Lors de la deuxième phase, le centrage du sujet, le chercheur amène le répondant au cœur du sujet en posant des questions plus centrées. Ces questions peuvent s’organiser en plusieurs thèmes.
La troisième phase est l’approfondissement. Les questions posées sont au cœur du sujet.
Elles sont posées après le centrage du sujet, une fois que le répondant est mis en confiance et qu’il peut parler plus librement.
La quatrième et dernière phase est la conclusion de l’entretien. Elle a pour but de récapituler l’entretien pour s’assurer que les idées émises sont conformes à sa pensée et s’assurer qu’il n’a rien à ajouter.
Nous nous sommes attachés à suivre ces consignes pour construire notre guide d’entretien (Annexe 2). Tout d’abord, nous avons contacté plusieurs personnes par email pour leur demander si elles pouvaient nous accorder du temps pour un entretien pour une thèse de doctorat. Dans cet email (encadré 2) nous leur révélions le sujet sur lequel nous travaillons.
Lors de la première phase de l’entretien, nous avons complété notre explication du sujet, nous leur avons demandé s’il était possible de les enregistrer et leur avons assuré que l’interview serait anonymisée. Cette promesse fut très importante pour eux étant donné que nous touchons à des activités stratégiques, voire secrètes. Aucune personne n’a refusé l’enregistrement.
Ensuite, nous leur avons posé une question générale sur leur poste. Nous leur avons demandé de nous expliquer leurs missions et depuis quand ils occupaient ce poste. De façon naturelle, nos répondants nous ont également indiqué leurs parcours professionnels ce qui nous a permis d’apprécier leur expérience.

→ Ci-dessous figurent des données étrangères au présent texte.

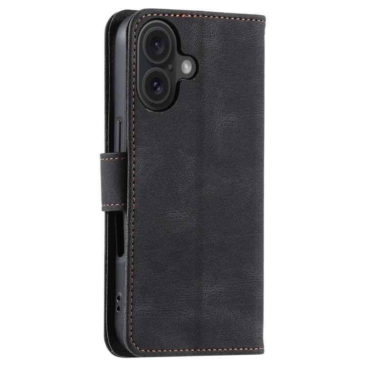 Funda de Piel de Becerro para iPhone 16 Plus con Costuras y Textura (Negra)
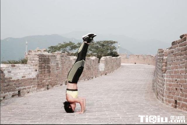 徐濠萦长城上跑步健身 耍酷倒立秀腹肌(/)
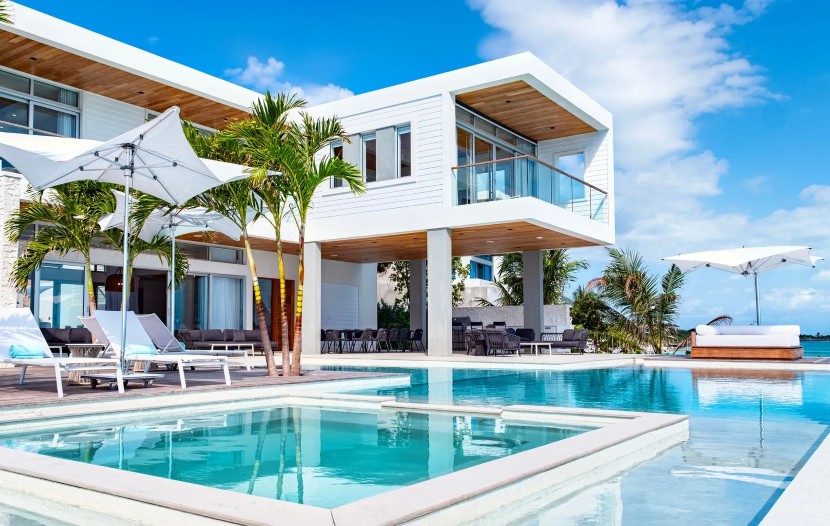 À la fois majestueuse et accueillante, l’Azure Villa s’étend sur 10 000 pieds carrés et compte six chambres, chacune équipée d’une salle de bains digne d’un spa. Plusieurs espaces de vie s’ouvrent sur l’extérieur, où se trouvent deux piscines, des terrasses ensoleillées, des foyers, une végétation luxuriante et une plateforme sur l’eau idéale pour recevoir de grands groupes. »
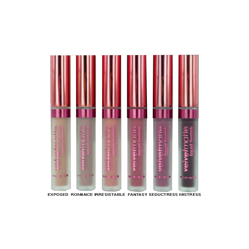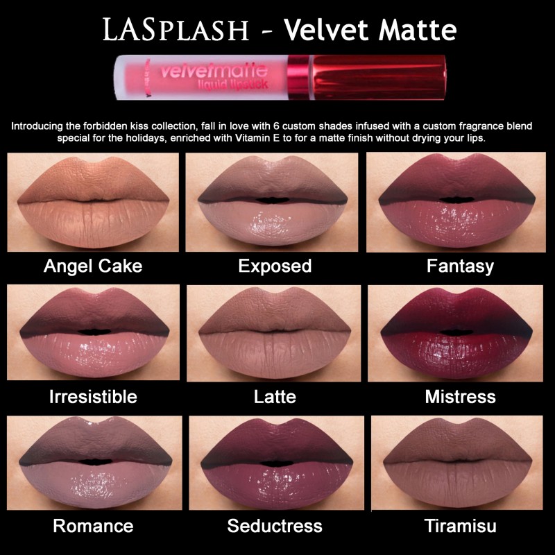 Kolekcija Forbidden Kiss linije LA Splash Velvet Matte šmink vključuje 6 individualnih odtenkov z dodanim vitaminom E, ki omogoča žameten matte finish brez izsuševanja ustnic.
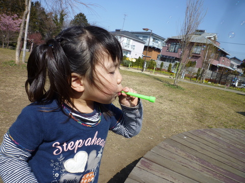 これまた久しぶりなシャボン玉。風が強くてふっとんでいっちゃったって。
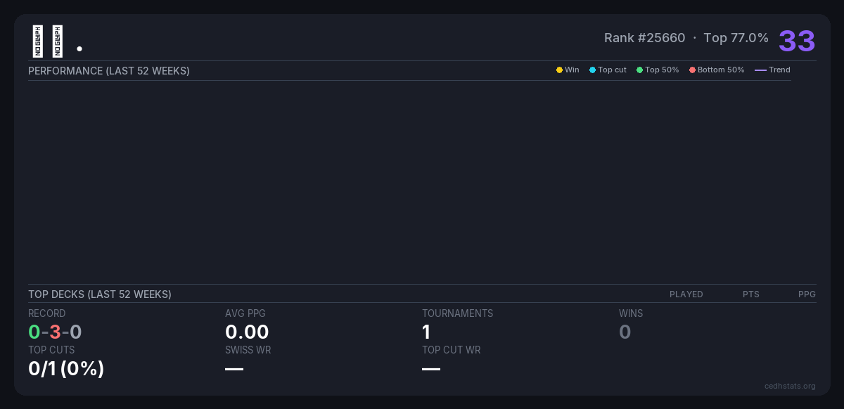 | 12月14日CEDH年终赛 Dec 14, 2025 · 40 players | 28/40 | 0-3-0 | 0.00 | 33 |
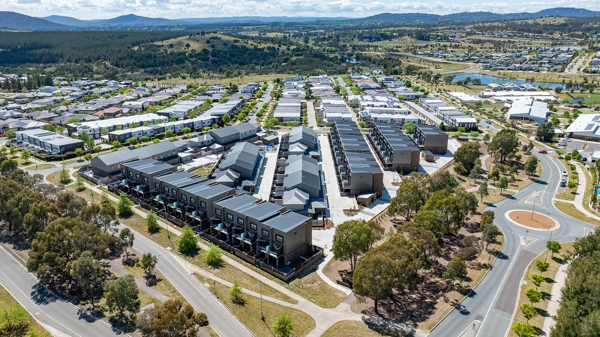 The Crossing in Coombs includes 83 two and three storey terrace stye townhouses delivered for Defence Housing Australia.
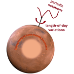Seasonal variations in Mars' length of day (LOD) are substantial because a significant fraction of the atmosphere – about one quarter – participates in the sublimation and condensation cycle at the polar ice caps. Remarkably, these variations are comparable in magnitude to those on Earth, despite Mars having a much thinner atmosphere.
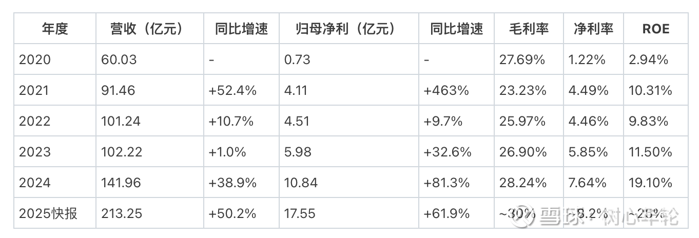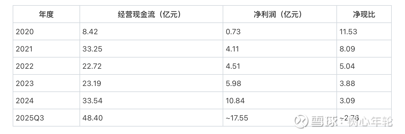 拉长看2020-2025年:5年间营收CAGR约29%,归母净利CAGR约89%(利润增速是营收增速的3倍),经营现金流从8.42亿增长至约48亿(2025Q3前三季度),三者同向强劲增长。增长质量确认为"健康且正在加速"。
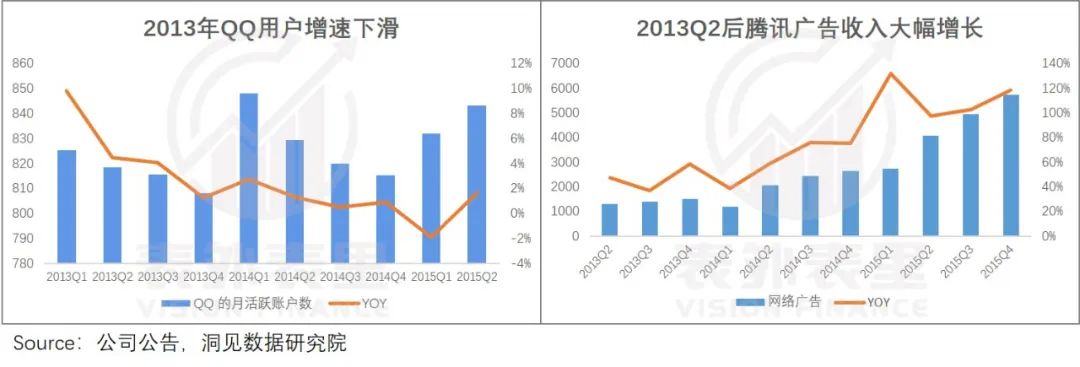原因在于,微信发展的同时,腾讯基于QQ系列生态(QQ空间、 QQ客户端、手机QQ等),上线广点通,广告投放从“曝光购买”升级到“效果购买”,刺激了QQ系的广告业务。
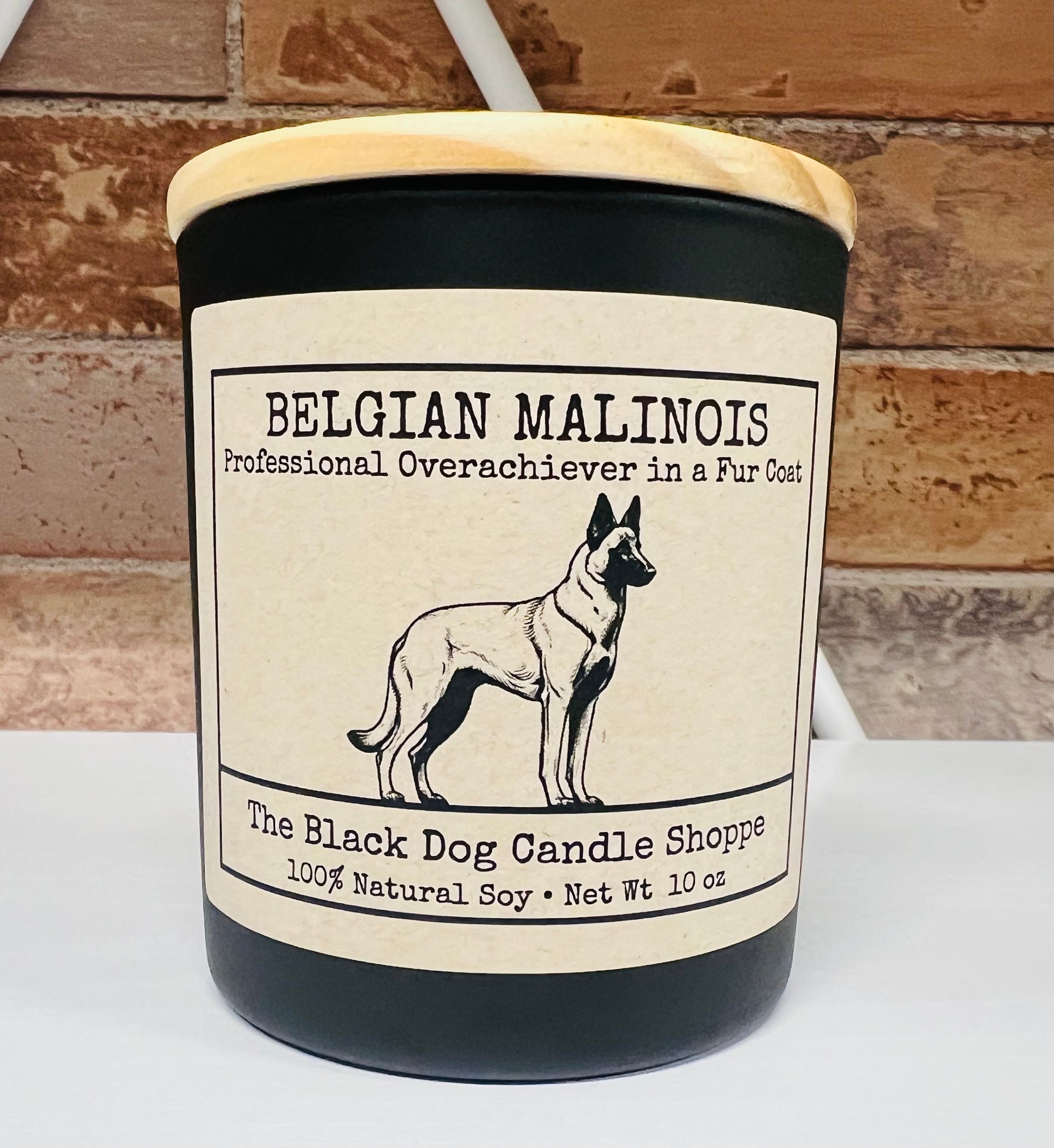 Hand-poured with 100% natural soy wax, this 10 oz candle is as bold and hardworking as the breed itself. Whether you're a fan of Malinois or just love dogs with drive and personality, this candle brings charm, humor, and cozy vibes all in one.
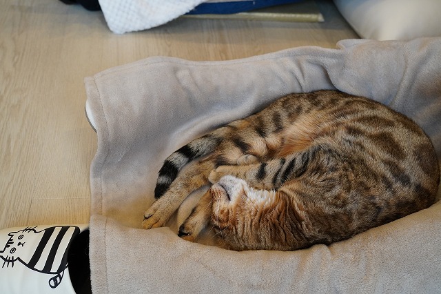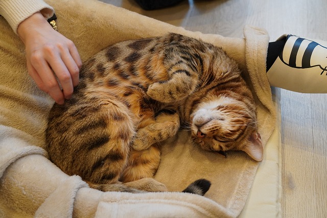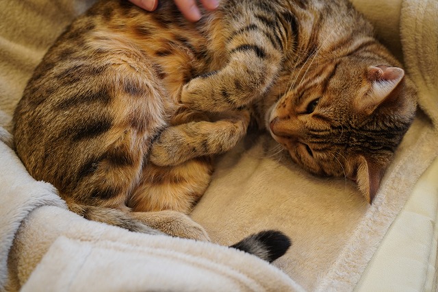 薄っすら目をあけて気持ちよく撫でてもらう金時くんでした。
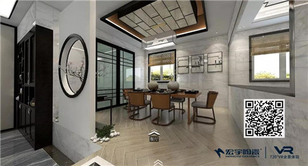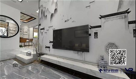 餐廳墻磚采用宏宇陶瓷榮耀大板·山水白
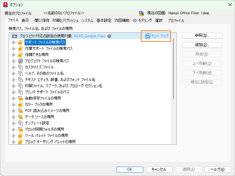 プロジェクト対応サポート ファイルを設定するには、[オプション]ダイアログ ボックスを表示し、[ファイル]タブの[セットアップ]をクリックします。
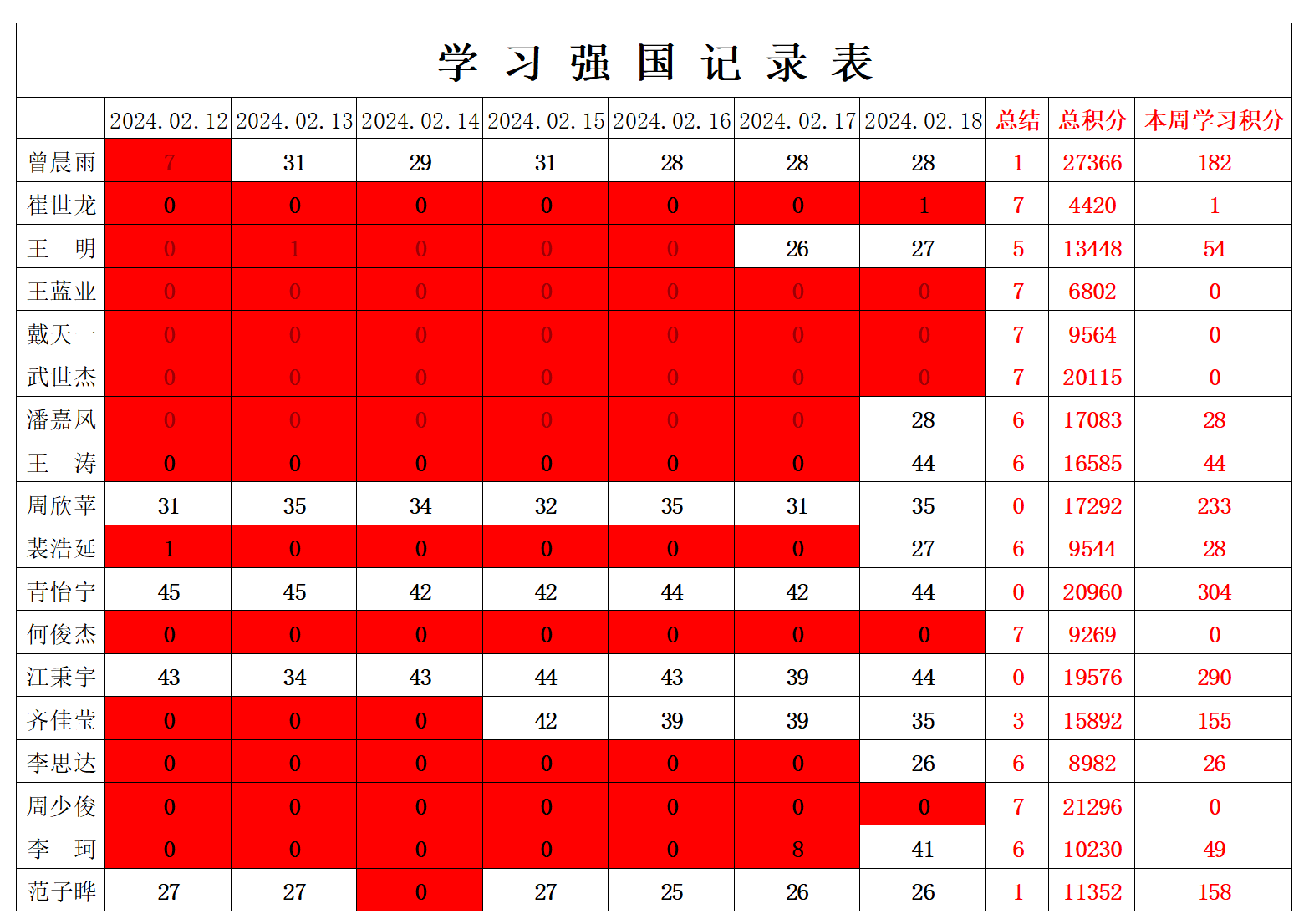 bevictor伟德官网员工党支部2024年寒假第六周学习强国学习进度
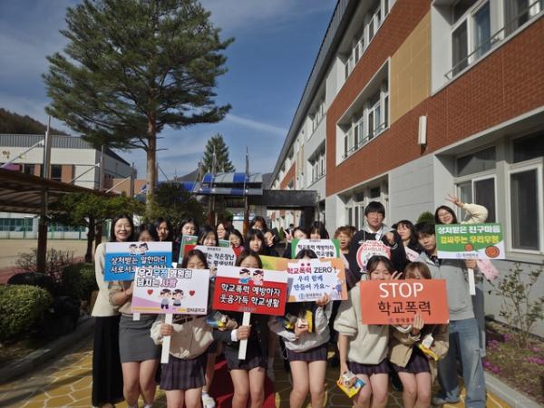 함태중(교장:배정희) 학부모회는 15일 학교 인근에서 학생회와 함께하는 학교폭력 예방 캠페인을 실시했다.
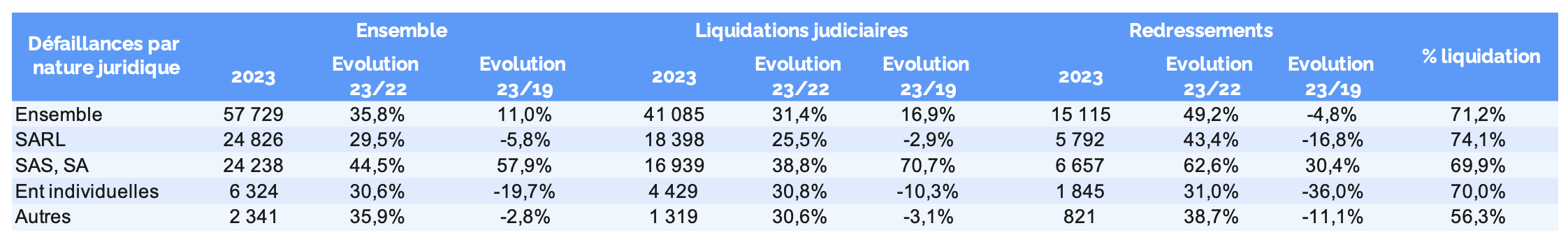 Les SAS/SA - structure juridique la plus sollicitée lors de la création de l’entreprise - progressent en nombre de défaillances entre 2022 et 2023 de 45,5 % vs 30 environ pour les autres types de structure juridique et de 58 % au regard de 2019, alors que les SARL connaissent une baisse de 6 % et les entreprises individuelles de 20 % (prudence quant à ces dernières, dans la mesure où le plus habituellement, elles ne passent pas par la défaillance mais par un arrangement amiable).
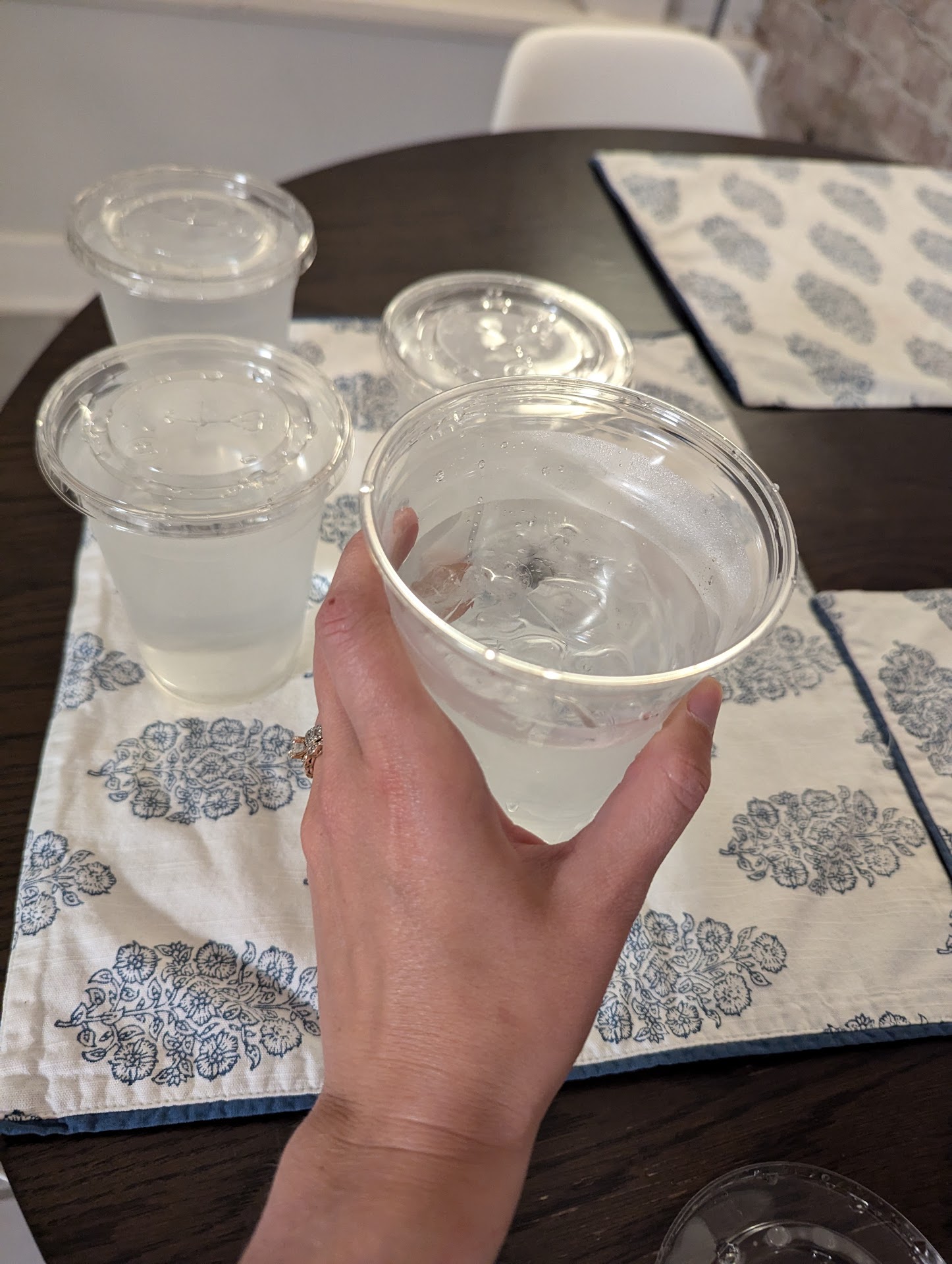 After enjoying several libations and closing my tab, I asked the bar manager-esque man for two cups of water to carry home to my desert of an AirBnB. This wonderful man chuckled, told me I should have stayed at the Hyatt, and asked if I could manage carrying four cups. Here I am, a short walk later and several steps closer to proper hydration.
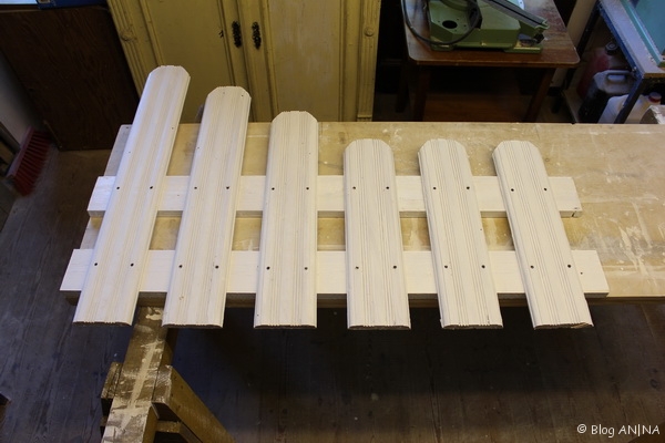 Der Zaunbau selbst ist eine relativ einfache Sache. Bevor ich die Zaunlatten (Bretter), die aus alten Türbekleidungen zugeschnitzten wurden, bearbeitete, habe ich die Pfosten mit Sandpapier angeschliffen und dann zweimal mit Acrylfarbe gestrichen. Die Zaunbretter musste ich zunächst von der alten Farbe befreien – hierzu eignet sich eine Warmluftpistole und ein scharfer Spachtel sehr gut – dann wurden sie auf Länge geschitten, oben die Ecken abgeschrägt und ebenfalls mit weißer Farbe gestrichen. Bei diesen Außentemperaturen ist ein mehrmaliger Anstrich innerhalb weniger Stunden durchaus möglich.

La deuxième phase de nos entretiens se divise en 2 thèmes relatifs de notre étude. Le premier porte sur les pratiques de veille dans l’entreprise, le second sur les pratiques d’innovation de l’entreprise. Nous leur avons alors demandé s’ils faisaient de la veille et si oui de quelles manières et dans quels buts. Quant aux pratiques d’innovation, nous leur avons demandé s’ils avaient des méthodes d’innovation, des processus et lesquels étaient-ils.
Identifier leur processus d’innovation fut très important pour la suite de l’entretien.